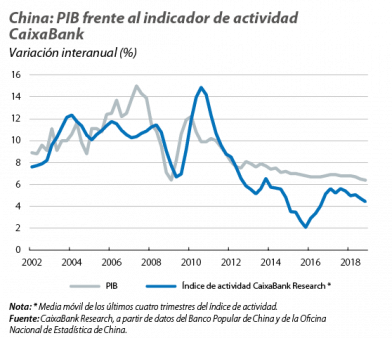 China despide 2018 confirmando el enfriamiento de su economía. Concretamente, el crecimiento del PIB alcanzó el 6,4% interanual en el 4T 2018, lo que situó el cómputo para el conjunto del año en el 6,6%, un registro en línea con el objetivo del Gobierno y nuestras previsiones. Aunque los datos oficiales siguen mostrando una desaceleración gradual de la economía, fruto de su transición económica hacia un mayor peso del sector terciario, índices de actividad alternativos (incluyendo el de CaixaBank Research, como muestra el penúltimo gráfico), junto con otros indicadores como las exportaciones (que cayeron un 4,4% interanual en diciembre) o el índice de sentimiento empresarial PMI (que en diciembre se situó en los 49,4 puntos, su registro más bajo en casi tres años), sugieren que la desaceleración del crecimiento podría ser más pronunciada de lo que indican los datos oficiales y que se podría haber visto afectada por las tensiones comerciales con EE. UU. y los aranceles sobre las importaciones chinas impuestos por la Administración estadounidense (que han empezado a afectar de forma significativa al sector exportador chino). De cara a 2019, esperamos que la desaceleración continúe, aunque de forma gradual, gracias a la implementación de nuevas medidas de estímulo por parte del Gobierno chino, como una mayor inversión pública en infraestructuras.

□ □ □ □ □ □ □

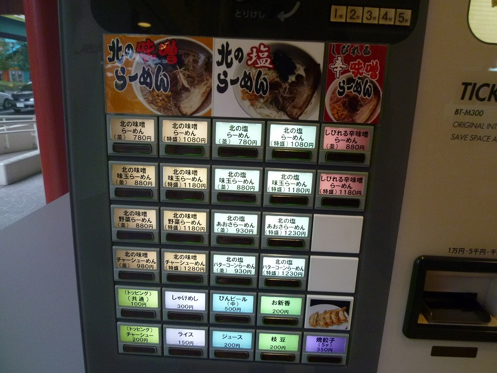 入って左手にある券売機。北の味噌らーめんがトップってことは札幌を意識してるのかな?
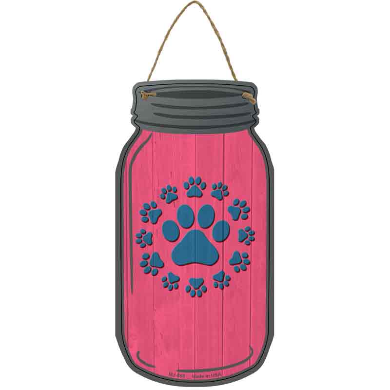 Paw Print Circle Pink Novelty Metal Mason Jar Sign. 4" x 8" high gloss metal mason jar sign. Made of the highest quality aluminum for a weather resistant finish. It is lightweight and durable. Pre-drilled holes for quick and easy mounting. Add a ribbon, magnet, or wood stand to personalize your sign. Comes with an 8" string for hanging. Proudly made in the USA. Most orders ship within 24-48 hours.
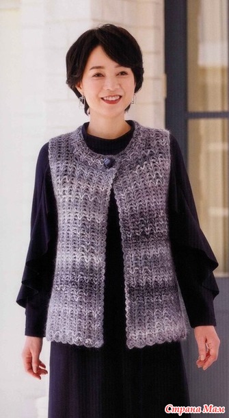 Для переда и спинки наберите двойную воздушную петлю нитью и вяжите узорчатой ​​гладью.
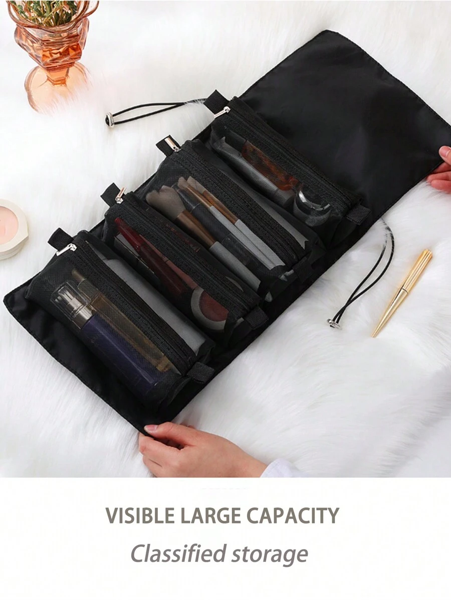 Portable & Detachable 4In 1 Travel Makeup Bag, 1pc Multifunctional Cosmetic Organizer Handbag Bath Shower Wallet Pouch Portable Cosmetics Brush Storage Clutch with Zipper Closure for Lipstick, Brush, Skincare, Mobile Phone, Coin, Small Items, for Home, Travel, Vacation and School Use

□ □ □ □ □ □ □

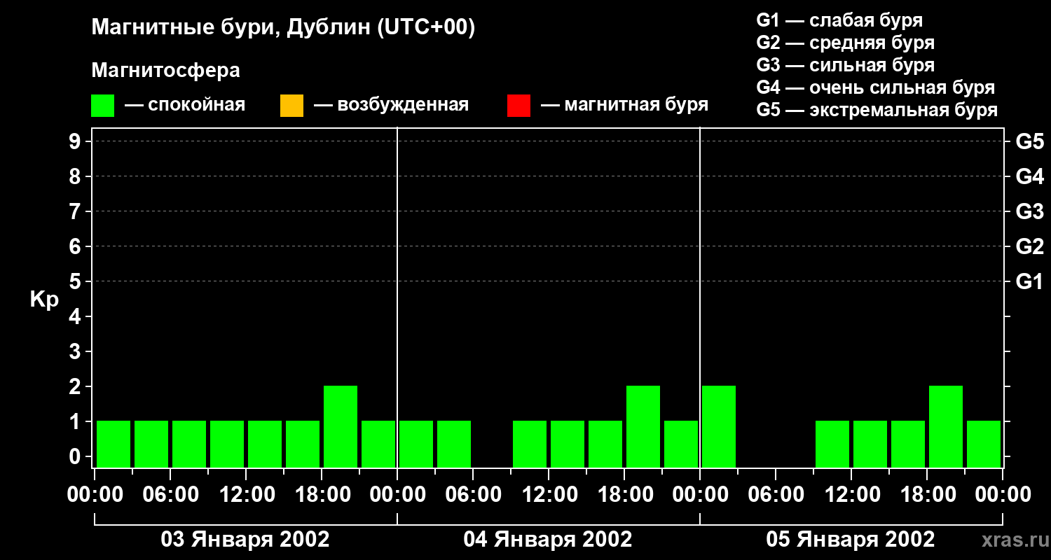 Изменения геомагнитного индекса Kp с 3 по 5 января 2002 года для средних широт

□ □ □ □ □ □ □

▶ [Aim of the exercise]
Give back exactly the lines of the listing above from the one that contains "入って左手にある券売機。北の" up to and including the one that contains "Portable & Detachable", but not the pictures, and no other lines.

▶ [Exercise answer]
 入って左手にある券売機。北の味噌らーめんがトップってことは札幌を意識してるのかな?
 Paw Print Circle Pink Novelty Metal Mason Jar Sign. 4" x 8" high gloss metal mason jar sign. Made of the highest quality aluminum for a weather resistant finish. It is lightweight and durable. Pre-drilled holes for quick and easy mounting. Add a ribbon, magnet, or wood stand to personalize your sign. Comes with an 8" string for hanging. Proudly made in the USA. Most orders ship within 24-48 hours.
 Для переда и спинки наберите двойную воздушную петлю нитью и вяжите узорчатой ​​гладью.
 Portable & Detachable 4In 1 Travel Makeup Bag, 1pc Multifunctional Cosmetic Organizer Handbag Bath Shower Wallet Pouch Portable Cosmetics Brush Storage Clutch with Zipper Closure for Lipstick, Brush, Skincare, Mobile Phone, Coin, Small Items, for Home, Travel, Vacation and School Use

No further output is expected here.